In many applications of these nanostructures, including high density magnetic recording media and photonic devices, their performance is highly dependent on feature details such as period and diameter or line width. Therefore, a variety of these structures must be explored experimentally. Therefore, a system capable of manufacturing the uniform nano-structure, quickly changing the period and the line width or diameter of the nano-structure, is extremely valuable to accelerate the progress in process and device development.
However, LIL needs the very high laser pointing stability. Under the nanometer scale, either the laser pointing drifting or the vibration causes the change of the period or position of the interference pattern, resulting in the loss in contrast ratio or pattern shape. In extreme cases no interference fringes can be recorded in the photoresist. Although the real-time correction can be performed using the precise measurement and control, the burden of the relatively high costs and complexity of the apparatus and the technique are a substantial disadvantage.
In addition, all laser sources will produce spatial noise to varying degrees. To prevent wasted heat generated by the laser from affecting the environment of the interference lithography, the laser source is usually disposed on an optical table away from the interference lithography. This requires additional optical elements in the laser beam path. Imperfection in these devices, including lenses, mirrors, and contaminants on their surfaces can produce further spatial noise. A short focal length lens is used to disperse the noise with the higher spatial frequency away from the optical axis of the laser beam during the light transmission process, and a pin hole is disposed to serve as a spatial filter for filtering out the spatial noise of the laser beam or filtering out the diffracted light beam caused by the defect of the optical device on the optical path.

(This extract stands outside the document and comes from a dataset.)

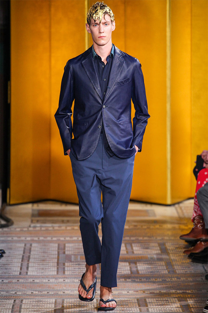 Miharayasuhiro unveiled its Spring/Summer 2014 collection during Paris Fashion Week, featuring a relaxed silhouette, beautiful prints and some gold leaf.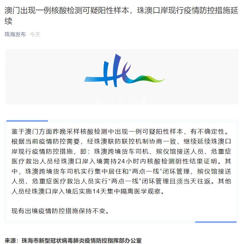 另据“珠海发布”消息,根据当前疫情防控需要,经珠澳联防联控机制协商一致,继续延续珠澳口岸现行疫情防控措施,即:珠澳跨境货车司机、殡仪馆接送人员、危重症医疗救治人员经珠澳口岸入境需持24小时内核酸检测阴性结果证明。其中,珠澳跨境货车司机实行集中居住和“两点一线”闭环管理,殡仪馆接送人员、危重症医疗救治人员实行“两点一线”闭环管理且须当天往返。其他人员经珠澳口岸入境后实施14天集中隔离医学观察。现有出境疫情防控措施保持不变。

However, the position of the pin hole has to be properly adjusted because the poor effect is caused when the pin hole is too close to or away from the laser source, or drifts laterally, perpendicular to the beam direction. Thus, a fringe-locking system is often required using a complicated optical mechanism, an optical detection device and a precise optical device in conjunction with the high-speed and real-time feedback system, and this establishing process is time consuming and adds substantially to the cost and complexity of construction and operation.